1453, la chute de Constantinople, l’Europe naît en perdant le monde ancien. Ce monde
romain, unifié autour de la Méditerranée, où l’Orient et l’Occident auraient été ensemble, la
perte, ou la chute, de Constantinople, c’est en même temps les débuts de notre Europe
moderne, avec tout ce que cela signifie pour notre civilisation. Quelques années après, c’est
la découverte en revanche d’un nouveau monde, après avoir perdu le monde ancien. Cette
découverte du nouveau monde par Christophe Colomb matérialise la fin du monde de
Ptolémée en faveur de celui de Copernic. Toutes les représentations du monde changent et
l’idée européenne va naître dans un rapport tout à fait différent au monde. L’Europe sait
alors qu’elle n’est plus tout le monde, elle sait qu’elle fait partie du monde. Ce n’est plus du
tout la même chose. Néanmoins elle porte des valeurs universelles et elle va entendre
pendant plusieurs siècles changer le monde.
À partir de là, l’Empire universel est profondément affaibli. Le Saint Empire Romain
Germanique, ou de nation germanique, n’est pas tout à fait mort.
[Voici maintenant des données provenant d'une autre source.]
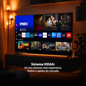 Smart TV DLED 65 4K Toshiba 65C350NS VIDAA com 4 HDMI e 2 USB. Sistema operacional VIDAA, Wi-Fi integrado, Bluetooth 5.0. Resolução 4K, taxa de atualização de 60 Hz. Brilho de 300 cd/m² e contraste de 1400:1. Suporte VESA 300x400. Consumo médio de 160W.
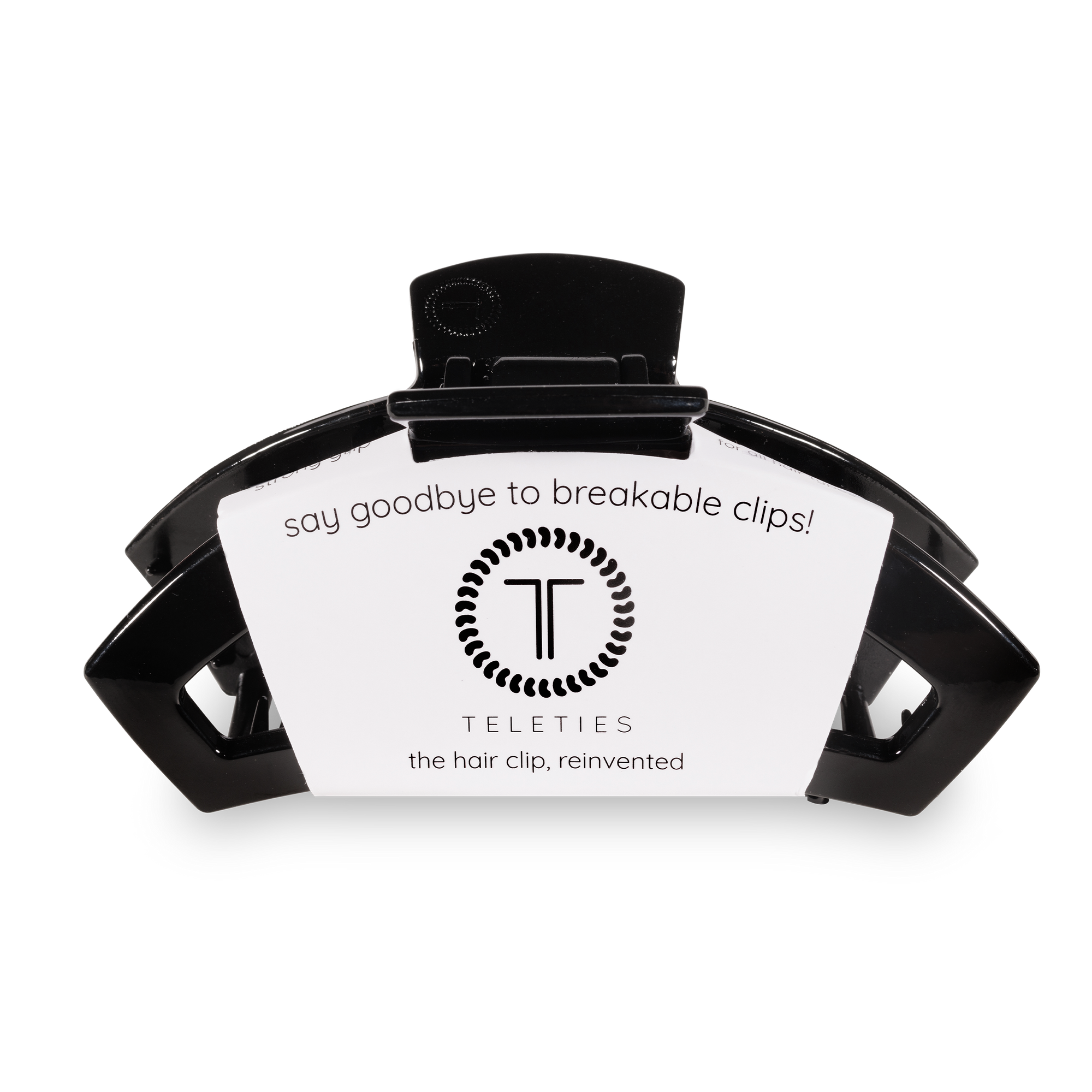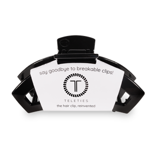 Our Open Hair Clip offers the same incredible advantages as our Classic Claw Clip, but with a unique open-style design that allows your hair to show through. Say goodbye to breakable clips! We have perfected the hair tie and now have re-invented the hair clip. Each clip has bendable teeth that take back to shape, they work on all hair types and have a strong hold. Hold your hair and enhance your style with the new TELETIES Clip!  Large clips are great for thick hair.  The large clip is 4.5 inches long.
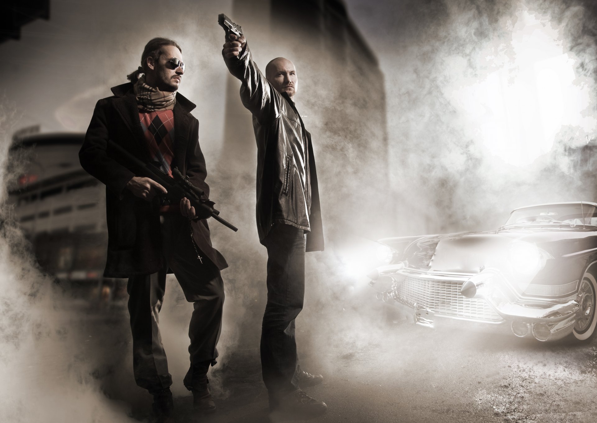 Bagarre d'hommes avec winchester et poêle dans la cuisineBagarre d'hommes avec Winchester et poêle dans la cuisine
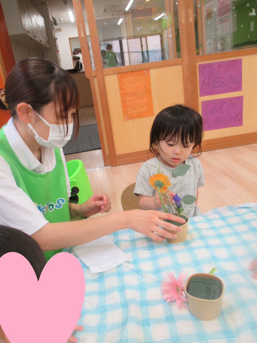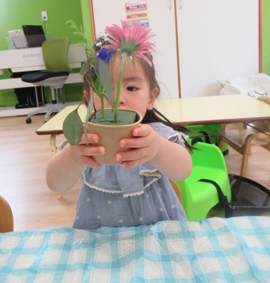 先生の話を聞いて上手に花を挿しています。
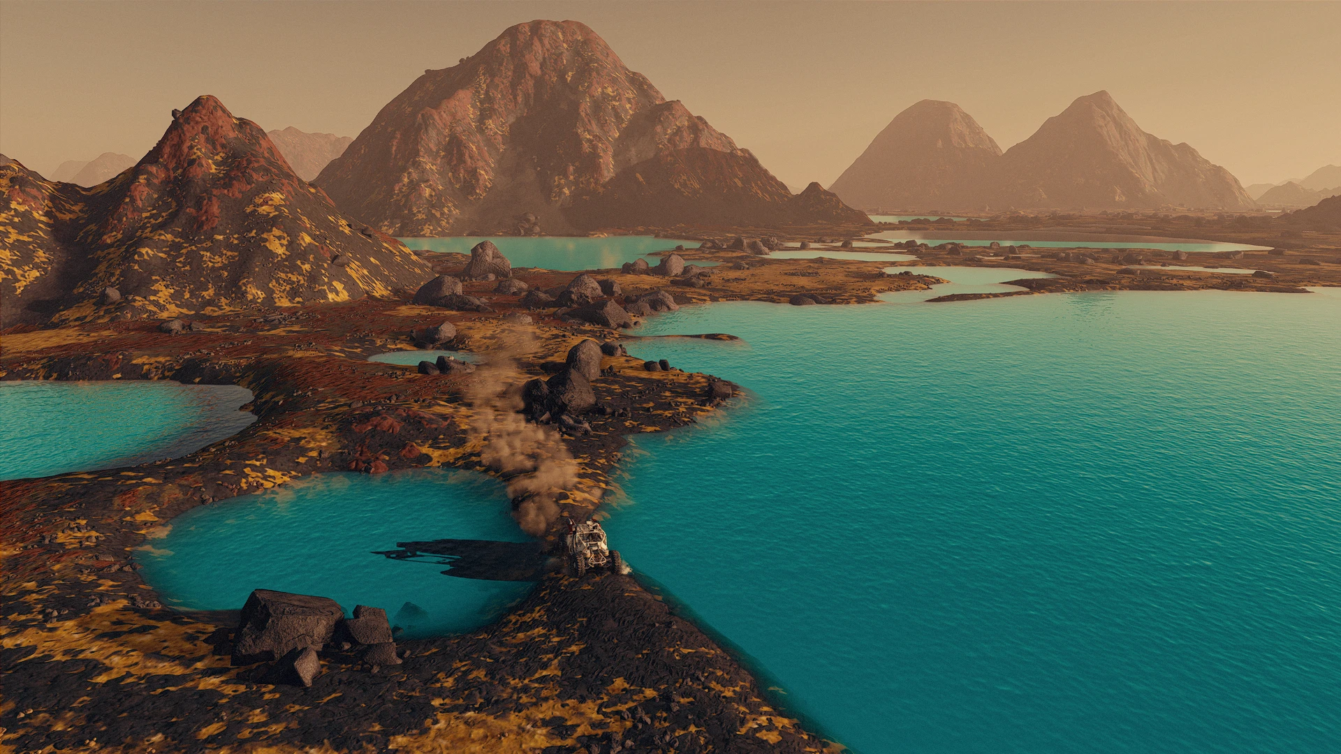 The volcanic biome called “VolcanicRoughNoLife09” is one of the few volcanic biomes that can contain large bodies of water. This mod transforms what would otherwise be a dull biome into a colourful volcanic landscape. Additionally, on moons capable of harbouring water, there are also vibrant turquoise volcanic mineral pools and lakes.
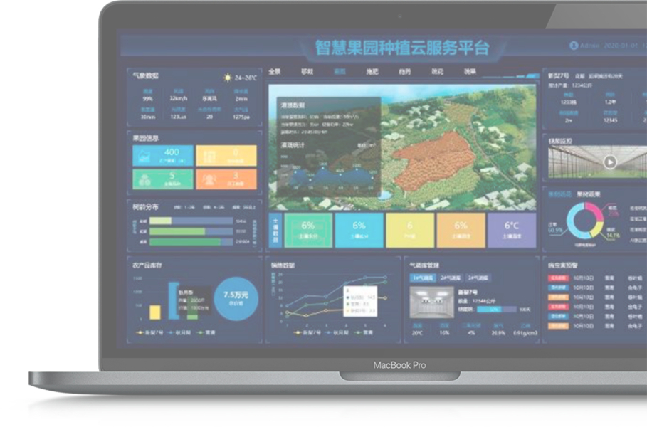 利用物聯網監測設備實時監測戶外果園或茶園的生產環境, 實行綠色防控、標準化的農事操作流程管理 ,使果品、茶葉實現綠色、高效種植。應用大數據、物聯網、移動互聯等現代信息技術,可實時遠程獲取大田基地的空氣溫濕度、土壤水分、土壤溫度、光照強度、風速風向、雨 量、蟲情病害及視頻圖像等信息,經 模型策略分析 ,可實現果園、茶園農機設備的遠程控制,智能灌溉、自動殺蟲等等,并及時做出相應 預警信息 ,實現生產管理的 精準化、標準化和自動化 ,加快推進果樹 生產智能化、管理高效化、服務便捷化 ,全面提高農業戶外生產的智能化水平。

Il faudra attendre
Napoléon, autre conquérant, autre Empire, autre expérimentation hasardeuse, mais il s’agit
ici d’une unification par les armes qui nous intéresse sans doute moins.
Voilà, les éléments fondamentaux, selon moi, de l’héritage romain. Il y en a d’autres,
j’ai essayé de présenter l’essentiel. Je terminerai par une brève conclusion qui me semble
importante. Aujourd’hui, lorsque l’on évoque le modèle romain, on ne pense plus forcément
à l’Europe. J’ai lu dernièrement un article de Michel Rocard « Du bon usage d’une Europe
sans âme ». Il y exprime l’idée que l’Empire romain d’aujourd’hui, c’est évidemment les
États-Unis d’Amérique. Je ne sais pas pour qui la comparaison est flatteuse. En tous cas, il
est intéressant de noter que dans le dialogue actuel difficile entre une partie de l’Europe et
les États-Unis d’Amérique, deux conceptions s’affrontent : la paix par l’Empire, mais comme
puissance politique, ou la paix par l’apaisement, par le droit, qui caractériserait le modèle
européen. Sachez que ceci se retrouve dans un dialogue absolument essentiel entre
Sénèque et Néron, imaginé par Sénèque. Sénèque qui pense que l’apaisement fera
finalement la paix romaine, alors que Néron lui répond par la puissance du politique, la
puissance des armes, la puissance de son imperium.